Part 2 of 2. How the base model from the previous article is turned into the assistant you use every day.

In the first article, the model stopped in a strange place: it masters the statistics of language but is good for almost nothing. If you ask “What’s 2 + 2?”, it might keep inventing new questions instead of answering, repeat chunks of the dataset, or simply ramble. It completes sequences, that’s all. Nothing in it knows what an instruction is, what an assistant role is, or what an answer that ends at the right moment looks like.

Turning this base model into ChatGPT is the work of two more stages: supervised fine-tuning, which teaches assistant behavior, and reinforcement learning, which refines reasoning. Together with the pre-training we already saw, this is the full cycle for building a modern LLM.

LLM building pipeline: pre-training produces the base model, SFT teaches instruction-following and the assistant role, and reinforcement learning refines reasoning
The three stages that turn the base model into the assistant: pre-training, SFT, and reinforcement learning.

SFT: teaching the model to be an assistant

Supervised Fine-Tuning (SFT) is the first stage that turns the generic prediction engine into a system that follows instructions. It leverages something the base model already knows how to do, in-context learning, but in a systematic way, using curated examples to induce a consistent response pattern.

For this to work, the model needs to see explicit examples of how an assistant should behave. In 2022 OpenAI described this process in the paper “Training Language Models to Follow Instructions with Human Feedback”. The idea was to build a specialized dataset, much smaller than the pre-training material but far more qualified. It gathers human-written queries, hand-written model answers, complete structured dialogues between user and assistant, and examples that demonstrate the format, style, and organization expected of a good answer. Much of this material was collected by contracted freelancers, whose role was to serve as an explicit reference for ideal behavior.

There’s an important structural detail here. For the model to tell who is speaking and know where each message begins and ends, special tokens come in that act as markers. They indicate where a message starts and stops, which agent is speaking, how to separate metadata from content, and when to stop generating. In a simplified format, a conversation looks like this, with markers surrounding each turn:

SFT dataset example: a user turn and an assistant turn surrounded by markers such as im_start and im_end, followed by fine-tuning that adjusts the parameters to reproduce the reference answer
An SFT dataset example: special markers delimit each turn and fine-tuning teaches where the answer itself ends.

In practice these markers appear tokenized as im_start, im_sep, and im_end, and during fine-tuning they become part of the vocabulary. Systems like ChatGPT rely on them to format the prompt, monitor generation, and cut off the output when the end token appears. Without these markers, the base model has no way of knowing where the answer ends or how to separate its own speech from the user’s, which is why it tends to keep generating text endlessly, even inventing fictitious messages attributed to the user.

The training itself consists of presenting the model with the formatted prompt and the human reference answer, and adjusting the parameters to reduce the difference between what the model predicts and the target answer. This teaches the LLM to take on the assistant role, structure answers clearly, stay consistent throughout the conversation, respect the dialogue format, and reflect the style present in the dataset. It’s worth retaining a point many people get wrong: the model doesn’t create a personality, it replicates the personality implicit in the SFT examples. If you swap the dataset, you change the assistant’s behavior. OpenAI’s original dataset is closed, but there are public initiatives with the same logic, like OpenAssistant, which make exactly this clear: the assistant’s behavior comes from SFT, not from pre-training.
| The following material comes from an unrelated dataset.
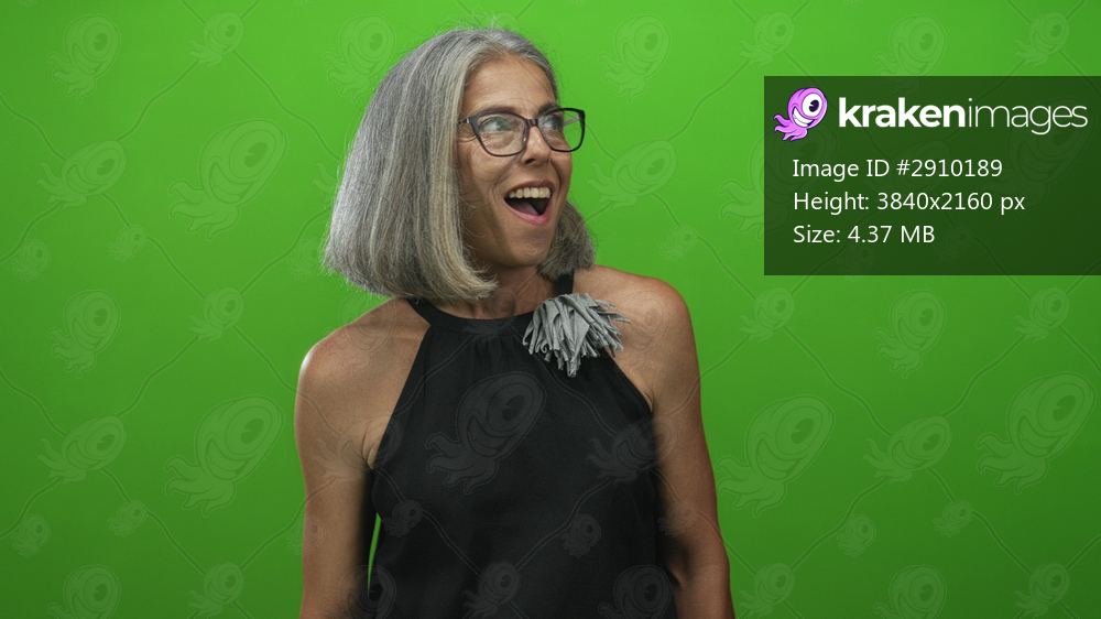 Middle aged grey haired woman with mouth open gasping while turning head in green studio; surprise curiosity.

Reducing hallucination and connecting tools

SFT doesn’t just tune general behavior. It’s also the main stage for tackling two concrete problems: hallucination and the lack of access to external information.

Even after SFT, the model is still a token predictor. When it doesn’t have enough data about a subject, its natural behavior is to complete with something that looks plausible, even if it’s wrong. In smaller models this is even more common, because the capacity to store knowledge is reduced. There’s nothing intentional about it, it’s just the model fulfilling its basic function, generating the most likely continuation. Take a real example from the material: ask “Who is Joaquim Tadewald?” and the model might return an entire, detailed, convincing biography of a person who doesn’t exist.

The way to reduce this is to train the model with examples that show how to act when it doesn’t know. The process is direct: you build a set of questions for which the model would normally invent an answer, produce for them a correct and conservative answer along the lines of “I don’t have enough information about this”, and adjust the model to imitate that behavior. It learns a pattern, which is to answer conservatively when confidence is low. This doesn’t eliminate all hallucination, but it drops the frequency a lot and improves safety. Larger models trained this way learn to recognize when they don’t have reliable information and answer something like “I couldn’t find data on this person”.

The second skill taught here is knowing when to ask for help from an external tool, like a search engine or a calculator. And there’s a subtlety that matters a lot for anyone building AI systems: the model doesn’t run the tool, it only signals that it needs one.

Tool use flow: faced with a question that depends on an external source, the model emits a special token like search_tool, the system detects the token and runs the real action, the result returns to the context, and the model produces the final answer
The model doesn't run the tool: it emits a special token, the system runs the real action and returns the result to the context.

The model receives examples where the right answer depends on an external source, and in those examples the answer includes a special token, for instance search_tool. The system running the model detects that token and performs the real action, searching the internet or calculating. The result returns to the model, which then produces the final answer. What it learns is when to ask for help, not how to perform the action. Handling hallucination and integrating tools aren’t natural capabilities of an LLM, they’re behaviors taught during SFT, and that’s what sets the stage for the more advanced alignment that comes with reinforcement learning.

Tokens are the model’s reasoning

There’s a point that completely changes how you write prompts, and it starts from a simple question: how does the model “think”? The counterintuitive answer is that it doesn’t work out the entire answer internally and then write it. Reasoning happens as it generates the tokens. Each token produced is influenced by the ones that came before, and that chain works as its actual line of thought.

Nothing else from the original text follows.